Viewed in the light most favorable to Emtel, SOC’s materials indicate that each
videoconference could be expected to last about 30 minutes. One permissible inference is that Drs.
Munir and Hope required less time than might otherwise be expected to complete these particular
consultations. Another permissible inference is that these doctors viewed two patients at a time for
at least some portion of each call. Viewed in the light most favorable to Emtel, it is reasonable to
infer that although some videoconferences appear to start at the same time due to poor data entry,
other videoconferences in fact occurred at the same time.
SOC also argued that conducting two calls at once would have violated its internal protocols,
federal privacy laws, and the medical code of ethics. (Docket Entry No. 121, at 10–11). But the
evidence as to SOC’s internal policy is inconclusive. And the availability of simultaneous
conferences on separate endpoint monitors — which Emtel asserted would also be infringing —
does not appear to require the conclusion that HIPAA and doctor/patient confidentiality would be
violated.
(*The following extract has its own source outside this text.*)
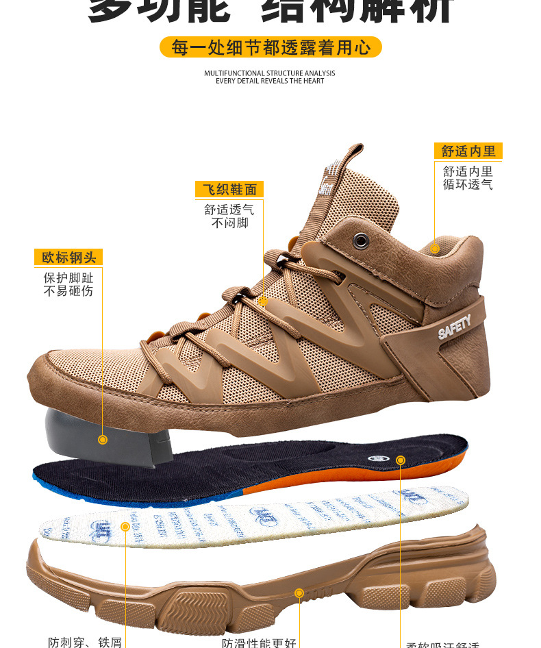 남성과 여성을 위한 크로스보더 하이탑 경량 통기성 안전화 사계절 건설 현장 플러스 사이즈 위한 충돌 방지 및 피어싱 방지 안전화스토어 가기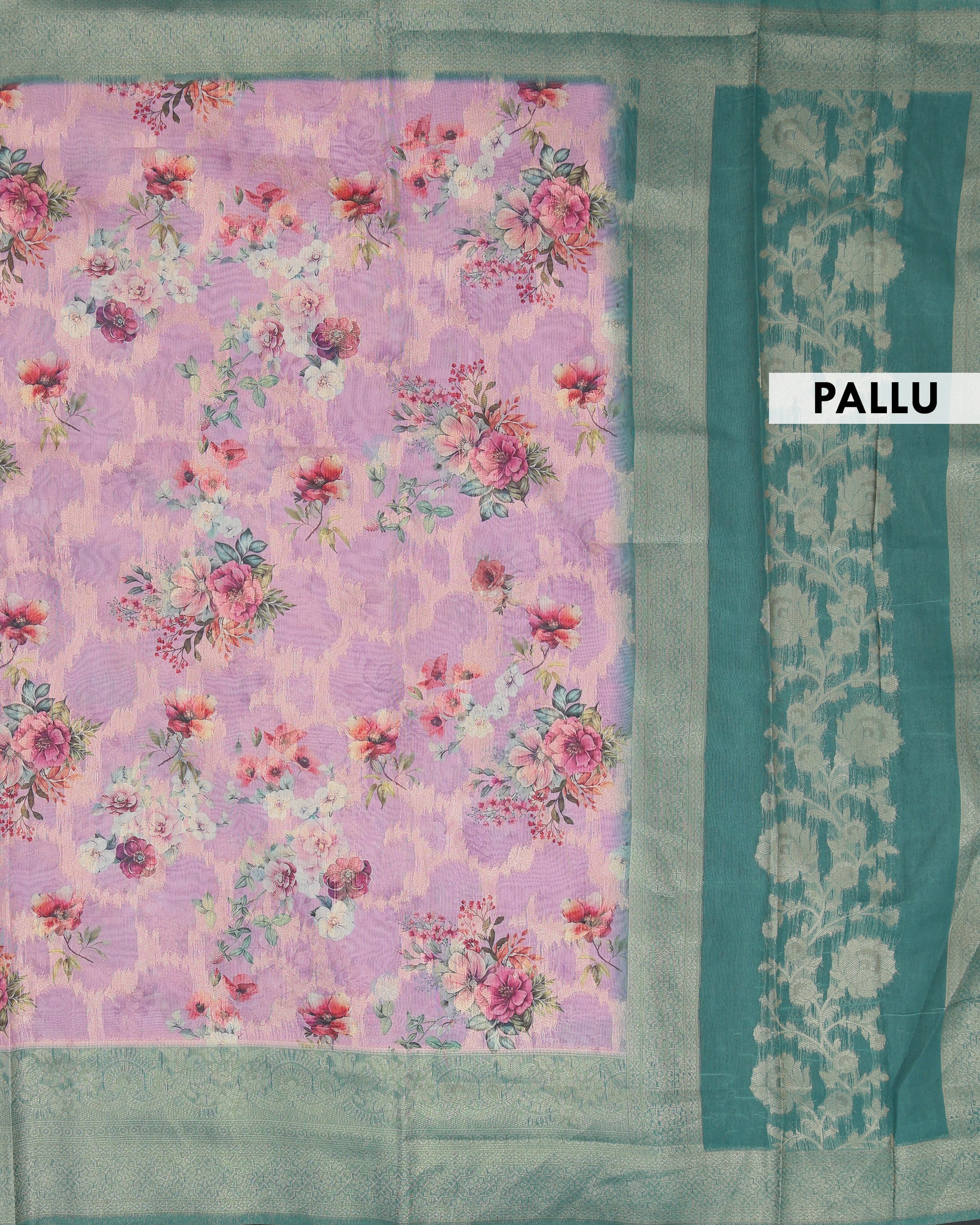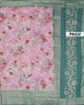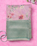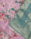 Floral Fancy Silk Saree with Contrast Zari Border - Pink

Nor is there evidence that in an emergency situation, simultaneous conferences would be
improper.
20
SOC’s argument that Emtel has not shown specifically how SOC achieved simultaneousness
— whether by multisite calling, by switching between feeds, by a consolidated, multisource feed,
or by giving a physician more than one endpoint — is insufficient to grant summary judgment.
Emtel is not required at this stage to produce evidence showing precisely how infringement occurred
to avoid summary judgment of noninfringement.
The present record does not permit the court to conclude that SOC is entitled to summary
judgment of noninfringement.8
IV.
Conclusion
SOC’s motion for summary judgment is denied.
SIGNED on October 31, 2012, at Houston, Texas.
______________________________________
Lee H. Rosenthal
United States District Judge
8
SOC also argued that Emtel could not establish liability based on the doctrine of
equivalents. “The doctrine of equivalents allows the patentee to claim those insubstantial
alterations that were not captured in drafting the original patent claim but which could be created
through trivial changes.” Festo Corp. v. Shoketsu Kinzoku Kogyo Kabushiki, Ltd., 535 U.S. 722,
733 (2002). A corollary rule, the “all elements” rule, requires that every element of a patent
claim be present in an accused product to find patent infringement. Warner-Jenkinson, 520 U.S.
at 29–30. SOC argued that there could be no equivalence because its system lacked two claim
elements from claims 9–19: two established videoconference links and simultaneous viewing.
(Docket Entry No. 98, at 13). The court need not address this argument in light of the
conclusion that the record is insufficient to find an absence of direct infringement.